OK, let's try. Not the best shots, but I was so happy to see him settled and building a nest 

No flash to see the basic colour, as the blue comes as a second "coat":










And some with flash to see the other colours:




























Have to name him tonight


----------



## Diztrbd1

Gorgeous Betta & nice pix. He almost looks like a Super Delta in the first pic. Pictures never seem to do them justice. I find different colors in mine with lighting changes too.


----------



## InfraredDream

Yeah, these are probably one of the most difficult to capture well on camera.
The sun is shining on the part of the tank right now and he is gorgeous! But I guess I will need to move him as I see there are a couple of hours of evening sunlight.


----------



## Ebonbolt

U guys make me want to bring out my old betta tank again... =P


----------



## InfraredDream

Just do it


----------



## monkE

Just wanted to revive this thread a little bit... love seeing everyones bettas!

Here's Lucifer


----------



## brett192

Heres a couple pics of my old 10g and betta before he passed away and I tore the tank down


----------



## Diztrbd1

Great shot Mike & thanks for reviving the thread. I haven't gotten a new Betta since my favorite one in post 70 passed away. But maybe soon I'll have another

Nice looking Betta Brett! I really like the set-up you have for him as well.


----------



## monkE

Thanks John, thought you'd like that  

I'm surprised you haven't gotten a new one yet!


----------



## aimnhigh

*My First Betta, I think he is very cute, lol*

Hmmnot sure about how to do add photo's hope this works ??

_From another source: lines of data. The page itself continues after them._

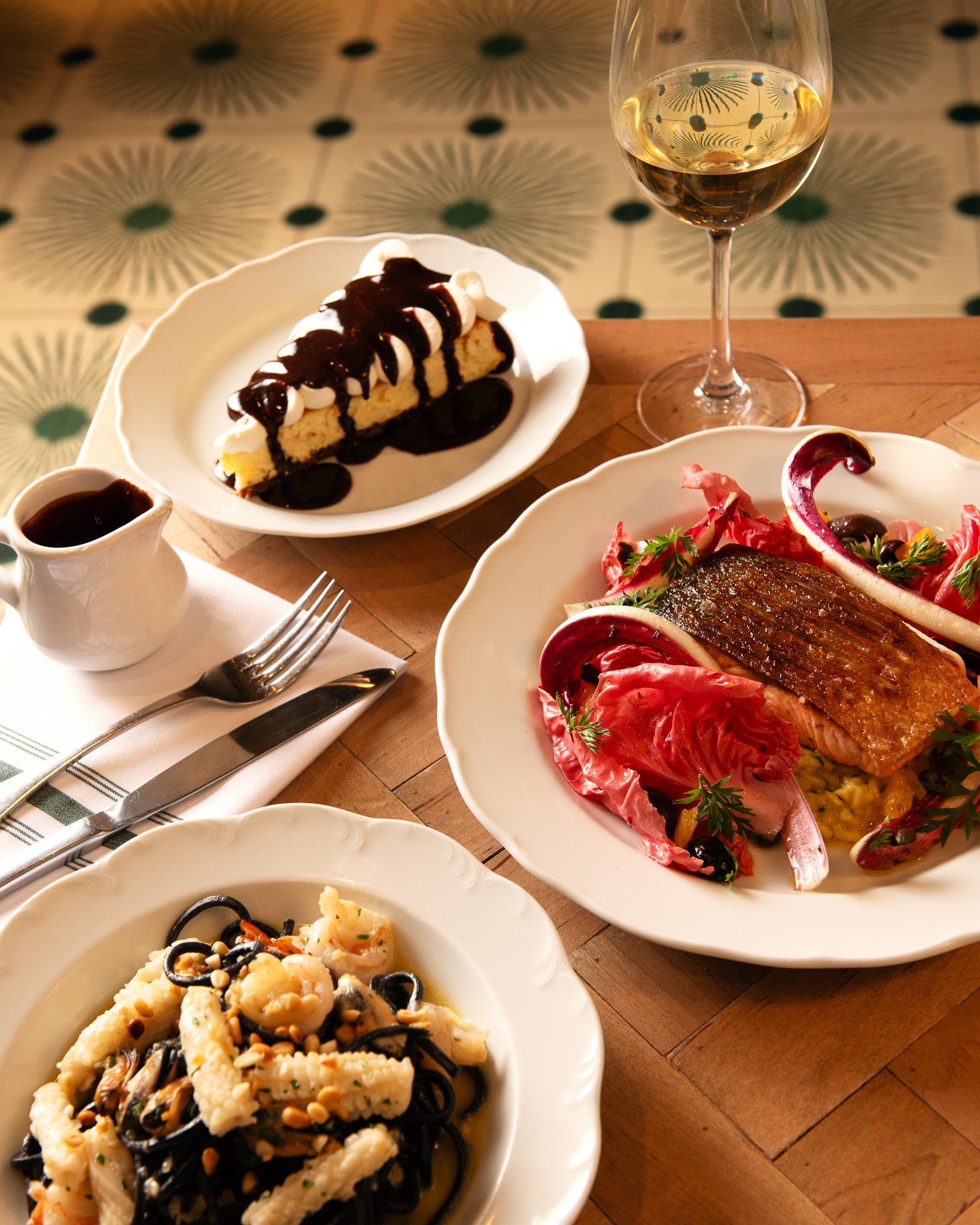 The menu highlights comforting, celebratory dishes that feel perfect for sharing. A rich squid ink chitarra with calamari, mussels, shrimp, and pine nut gremolata brings coastal Italian flavors to the table, while a beautifully prepared salmon with herb risotto, radicchio, olives, and capers offers something lighter yet deeply satisfying. Dessert finishes the evening with a ricotta cheesecake on a biscotti crust, layered with hazelnut chocolate fudge for a sweet ending that feels nostalgic and indulgent.
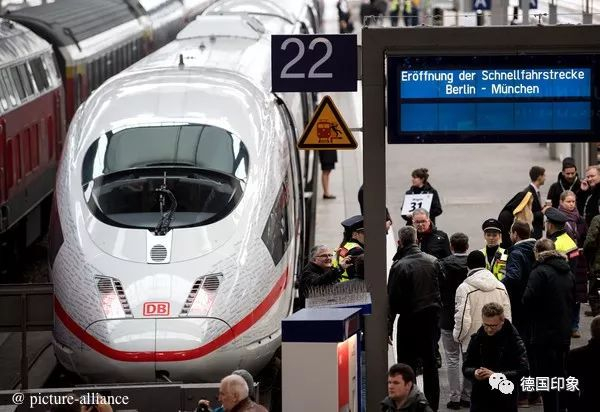 12月10日,柏林至慕尼黑高铁线路开通,首发列车正点到站,部分路段最高时速达300公里,提速后从柏林到慕尼黑的运行时间不到4小时,住在这两地的小情侣足足可以把望眼欲穿的思念减少2小时之多,德国城际铁路(ICE)迎来了速度上的新飞跃,惠民呐!
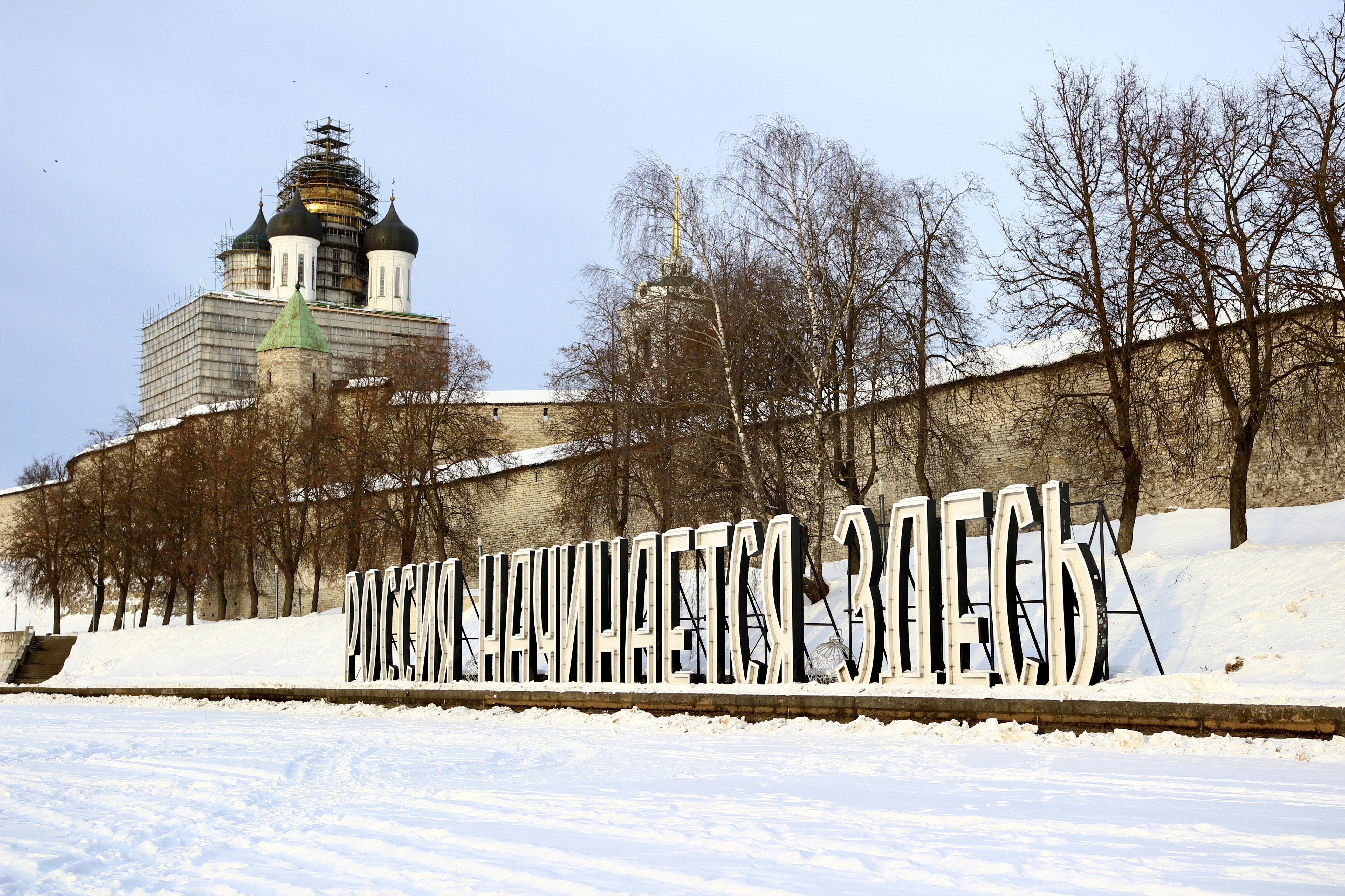 После заселения первым делом отправляемся на набережную, к знаменитой инсталляции «Россия начинается здесь», расположенной прямо под стенами Псковского кремля, или Крома. На льду реки Великой местным, кажется, гораздо комфортнее находиться, чем на набережной — и мы спускаемся к ним.

http://i724.photobucket.com/albums/ww246/aimnhigh/DSC00083.jpg
http://i724.photobucket.com/albums/ww246/aimnhigh/DSC00087.jpg


----------



## monkE

Looks Good! here you go! there's an IMG link on each photo and you just have to copy and paste that link to show the pics


----------



## Diztrbd1

Aimin', best thing to do is upload the to Image hosting, free photo sharing & video sharing at Photobucket or imgur: the simple image sharer, then copy the code provided and paste the [IMG] code to your post & it will show up right on your post. Beautiful Betta also.

Mike....in due time buddy, got the Fire Eel to play with for now :bigsmile:


----------



## Diztrbd1

Any new Betta's out there? :bigsmile:


----------



## Atom

I've got a newbie. A short finned white platinum plakat that was labelled as a female, but I'm almost 100% positive she is a he. Unless someone can confirm the gender for me? I'm basing my conclusion that he is a male because he was displaying/flaring to the other females in the tank and his anal fin is more triangular and the other fins are generally longer in comparison to his sisters.

His name is Emrys.










Sorry for the bad photo. He likes to zoom around and it's hard to get him to stay still. Super active.


----------



## InfraredDream

Pretty!! Great you addition. Thanks for sharing!


----------



## Atom

Thanks! I'm still trying to get a decent shot of him that isn't blurry. Bugger is too fast and active.

Anymore bettas to share? I love seeing how different they all are. My favorite fish.


----------



## shelby67

Ok well I have totally caught the betta bug! It first started with the half mooen I picked up from Rick, then I was in a LFS and found this pretty twin tail, at such a good price I couldn't just let him sit there, and now last night while at pj's I found this pretty crown tail. 
The twin tail and crown tail are in a vase for now, I am getting a 3 gallon for the twin and once the shrimps are out of the 10 gallon I'm gonna put the crown tail into it and make a small community. The half moon I got from Rick I put into the community tank. When I got him he had a split in his tail. And when I put him in the community tank, the female colbalt blue balllon ram had a nibble but since then has left him alone. Betta's tails grow back like any other fish right?


----------



## Atom

Yes they grow back quite quickly actually. 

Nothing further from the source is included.